Hu Hanjiang, Qiao Zhijian, Cheng Ming, Liu Zhe, Wang Hesheng
IEEE Trans Image Process. 2021;30:1342-1353. doi: 10.1109/TIP.2020.3043875. Epub 2020 Dec 23.
Long-Term visual localization under changing environments is a challenging problem in autonomous driving and mobile robotics due to season, illumination variance, etc. Image retrieval for localization is an efficient and effective solution to the problem. In this paper, we propose a novel multi-task architecture to fuse the geometric and semantic information into the multi-scale latent embedding representation for visual place recognition. To use the high-quality ground truths without any human effort, the effective multi-scale feature discriminator is proposed for adversarial training to achieve the domain adaptation from synthetic virtual KITTI dataset to real-world KITTI dataset. The proposed approach is validated on the Extended CMU-Seasons dataset and Oxford RobotCar dataset through a series of crucial comparison experiments, where our performance outperforms state-of-the-art baselines for retrieval-based localization and large-scale place recognition under the challenging environment.

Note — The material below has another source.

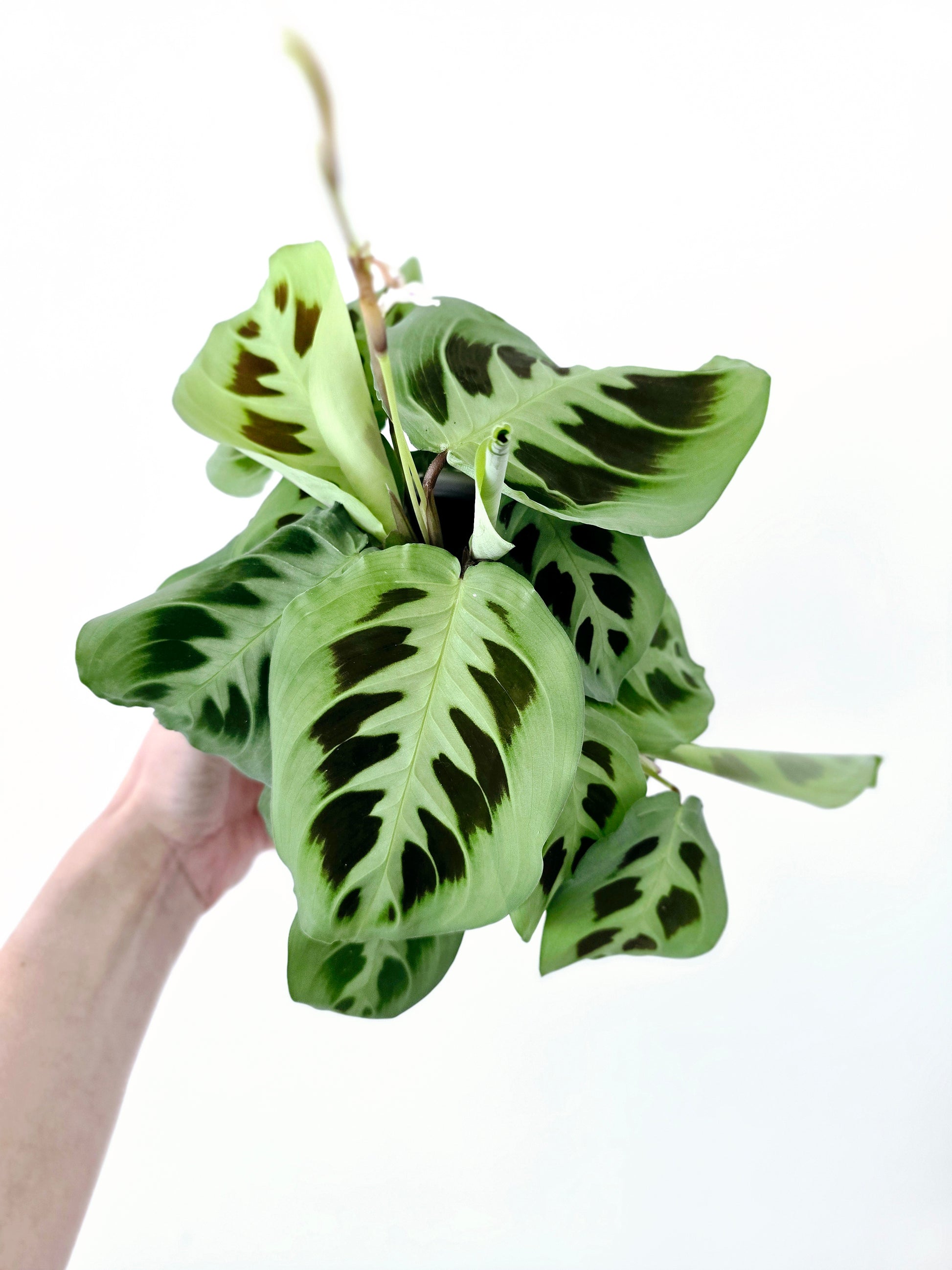 Get ready to feast your eyes on some fierce and fabulous foliage! The Maranta Leuconeura 'Green' boasts vibrant, variegated leaves that are as unique and intricate as a master artist's brushstrokes.
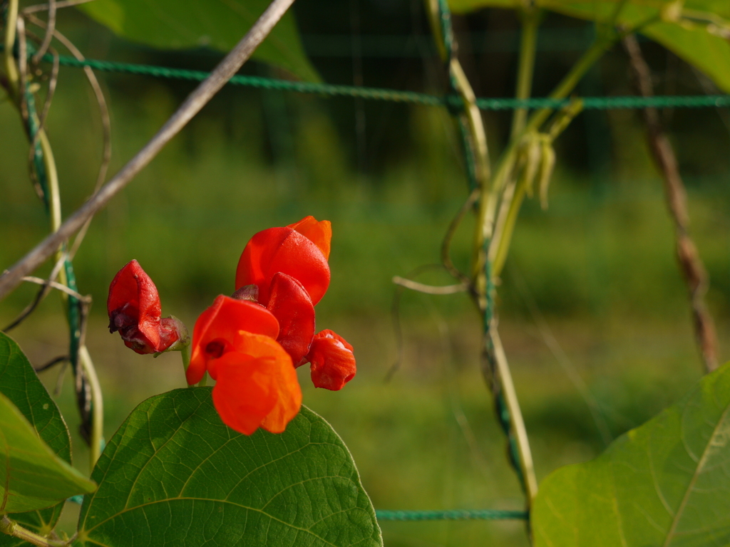 花豆の花はオレンジ色で目立ちますね。こちらでは花豆は名物でいろんな形で愛されている食物です。あちらこちらの畑でよくインゲンと隣りあわせで作っている光景が見られます。

由于季节、光照变化等因素,在不断变化的环境中进行长期视觉定位是自动驾驶和移动机器人领域中一个具有挑战性的问题。用于定位的图像检索是解决该问题的一种高效且有效的方法。在本文中,我们提出了一种新颖的多任务架构,将几何和语义信息融合到用于视觉场所识别的多尺度潜在嵌入表示中。为了无需人工干预即可使用高质量的地面真值,提出了有效的多尺度特征判别器用于对抗训练,以实现从合成虚拟KITTI数据集到真实世界KITTI数据集的域适应。通过一系列关键的对比实验,在扩展的CMU-Seasons数据集和牛津RobotCar数据集上验证了所提出的方法,在具有挑战性的环境下,我们的性能优于基于检索的定位和大规模场所识别的当前最先进基线。